╭─ INFORMATION

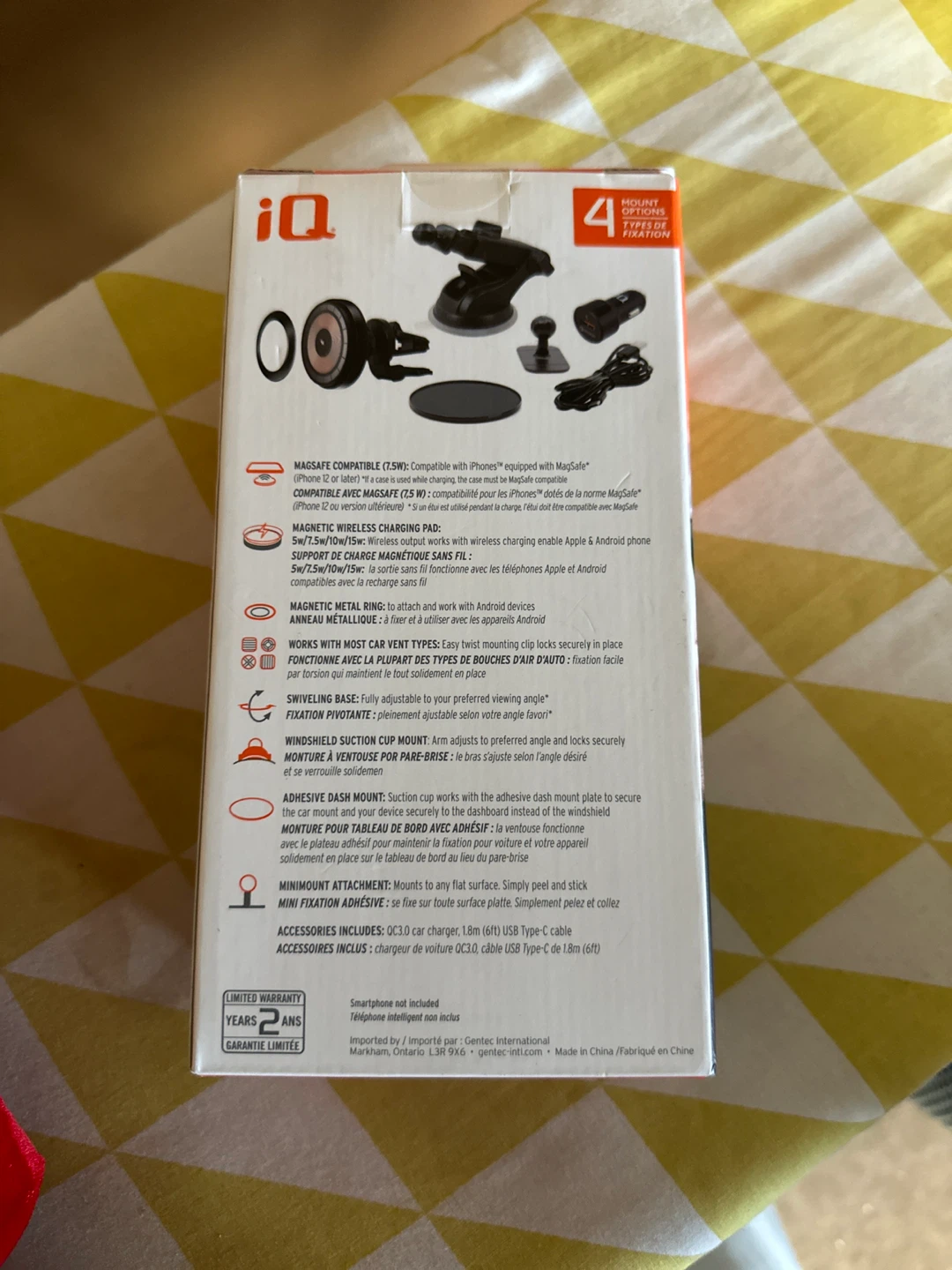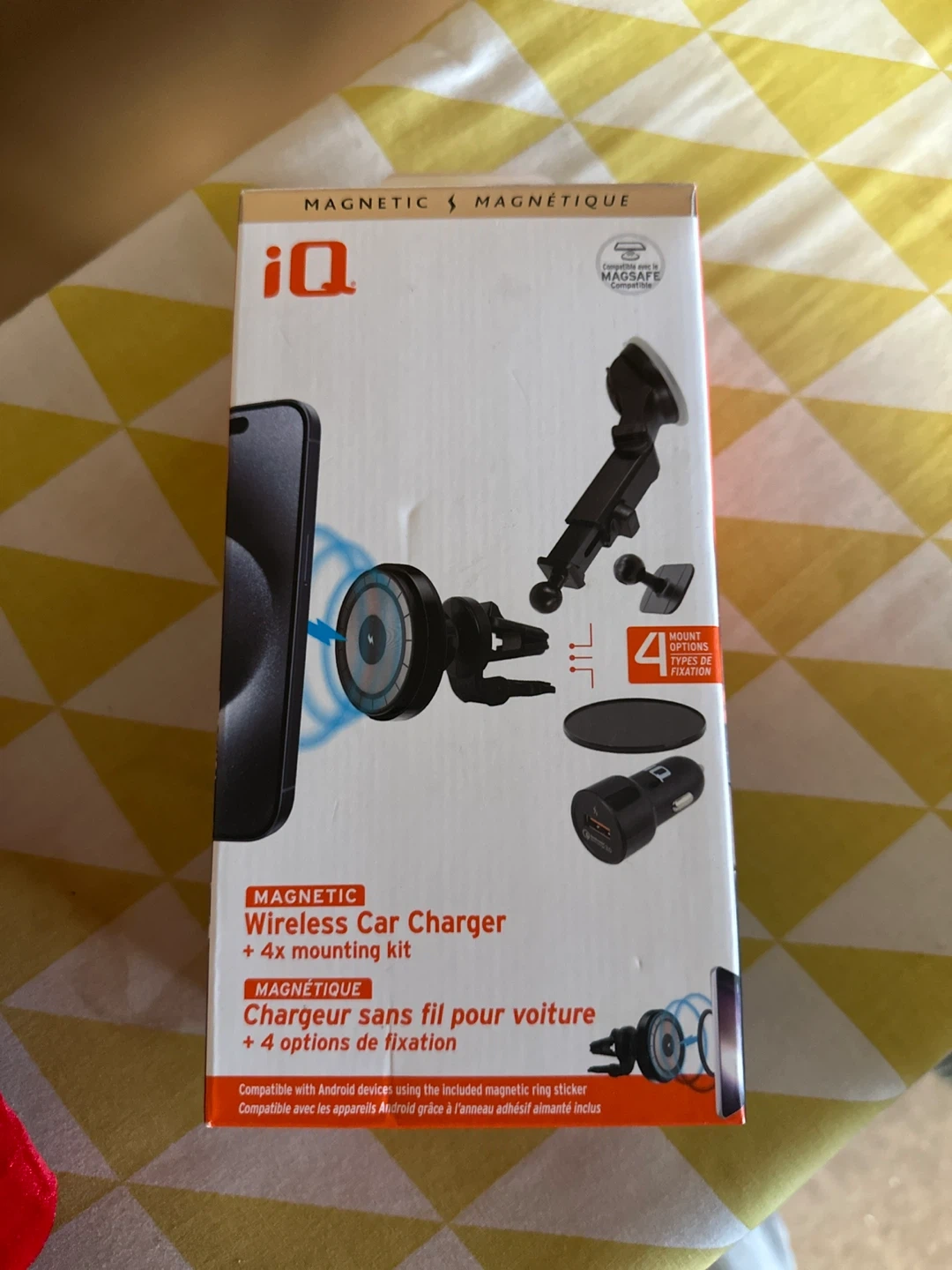 Selling a brand new, sealed iQ Magnetic Wireless Car Charger with a 4X mounting kit! It's MagSafe compatible and also works with Android devices using the included magnetic ring sticker. The box includes a QC3.0 car charger and an 1.8m USB Type-C cable. It offers 4 mount type options for fixation: vent mount, windshield mount, adhesive dash mount, and mini mount
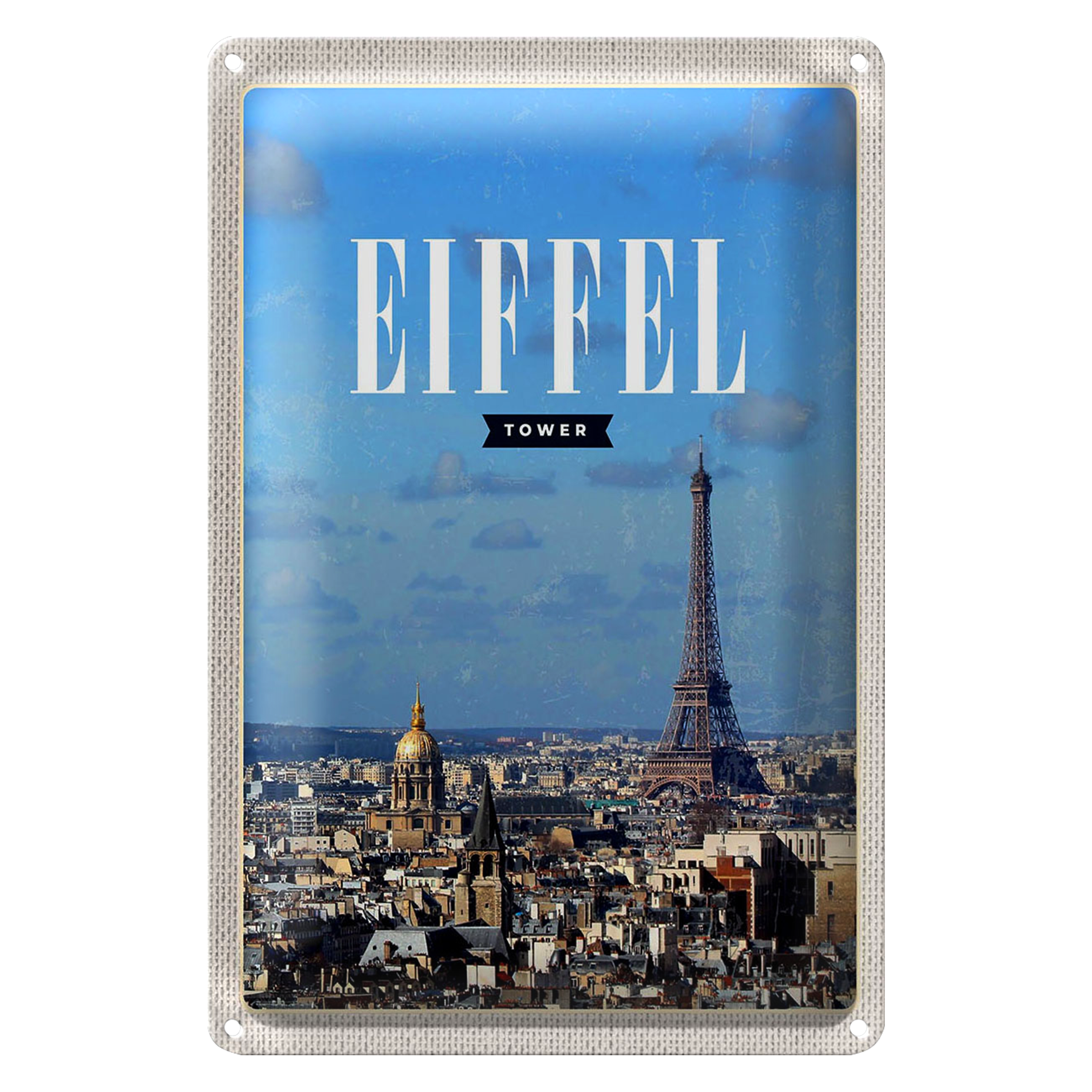 Blechschild Reise 20x30cm Eiffel Tower Panorama Bild Reiseziel
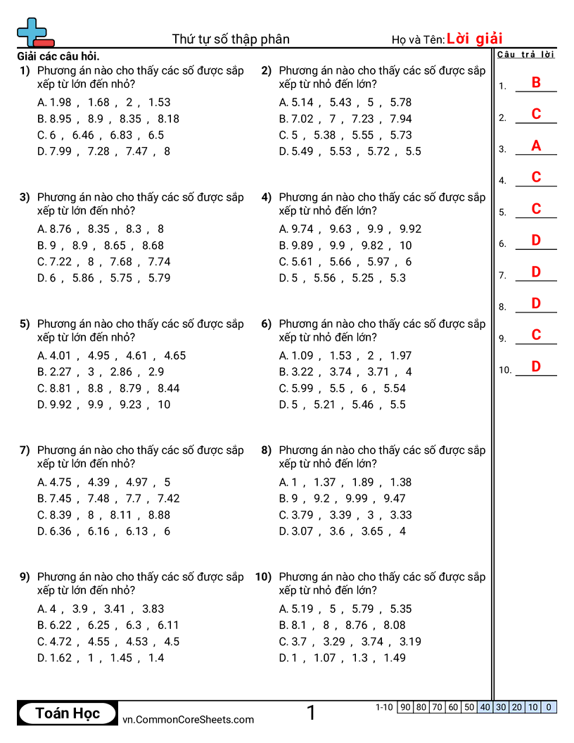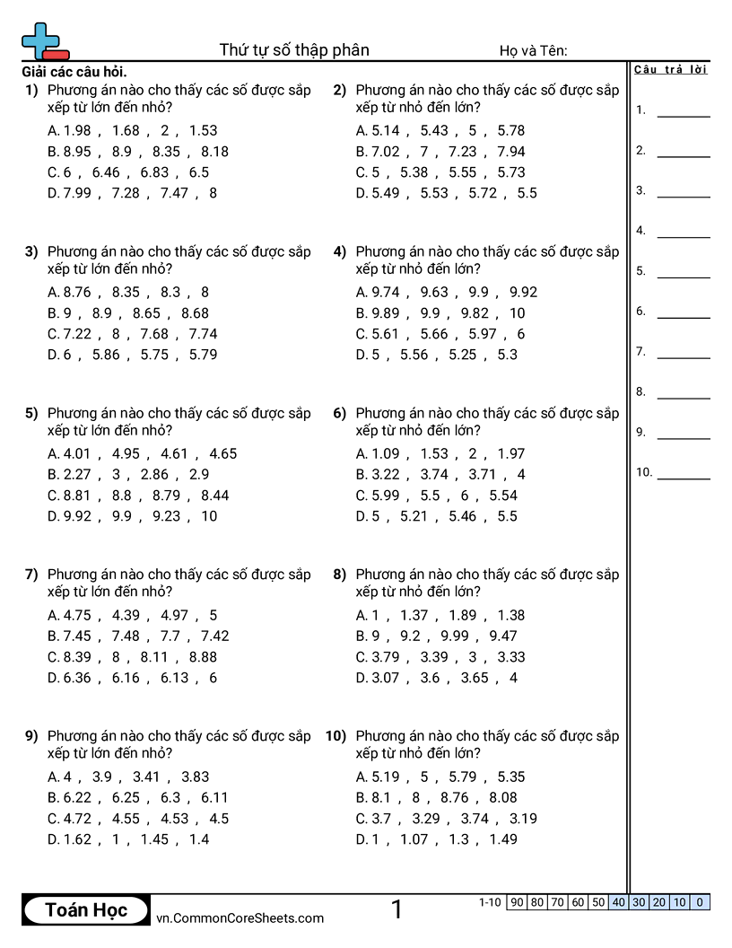 Phiếu bài tập math miễn phí cho Lớp 4 (4nf7) về Thứ tự số thập phân. Mỗi phiếu có 10 bài tập kèm đáp án và phù hợp cho giáo viên và học tại nhà. Bạn có thể tải PDF, tạo thẻ ghi nhớ hoặc dùng cho học trực tuyến.
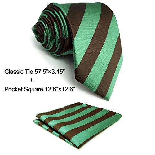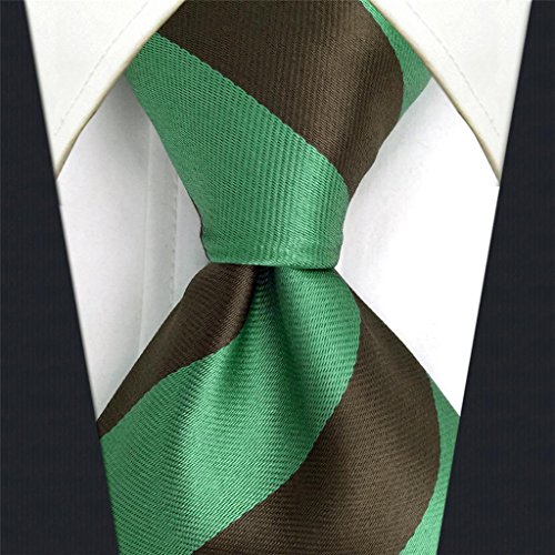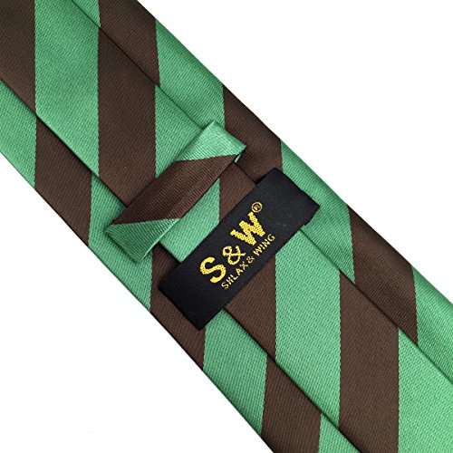 | ShlaxWing New Stripes Brown Green Mens Ties Business Necktie Fashion XL Extra Long |
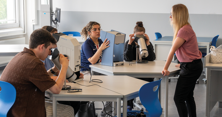 Lehrerin Susan Lorenz-Bombis lässt ihre Klasse im Labor die Wirkungsweise verschiedener Kontaktlinsen-Pflegemittel erforschen.
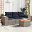 vidaXL Vrtna sedežna garnitura 4-delna z blazinami siv poli ratan

╰─

**WHAT THIS TASK INVOLVES**: Repeat the lines above exactly, and keep every picture out.

**EXERCISE RESULT**:
 Selling a brand new, sealed iQ Magnetic Wireless Car Charger with a 4X mounting kit! It's MagSafe compatible and also works with Android devices using the included magnetic ring sticker. The box includes a QC3.0 car charger and an 1.8m USB Type-C cable. It offers 4 mount type options for fixation: vent mount, windshield mount, adhesive dash mount, and mini mount
 Blechschild Reise 20x30cm Eiffel Tower Panorama Bild Reiseziel
 Phiếu bài tập math miễn phí cho Lớp 4 (4nf7) về Thứ tự số thập phân. Mỗi phiếu có 10 bài tập kèm đáp án và phù hợp cho giáo viên và học tại nhà. Bạn có thể tải PDF, tạo thẻ ghi nhớ hoặc dùng cho học trực tuyến.
 | ShlaxWing New Stripes Brown Green Mens Ties Business Necktie Fashion XL Extra Long |
 Lehrerin Susan Lorenz-Bombis lässt ihre Klasse im Labor die Wirkungsweise verschiedener Kontaktlinsen-Pflegemittel erforschen.
 vidaXL Vrtna sedežna garnitura 4-delna z blazinami siv poli ratan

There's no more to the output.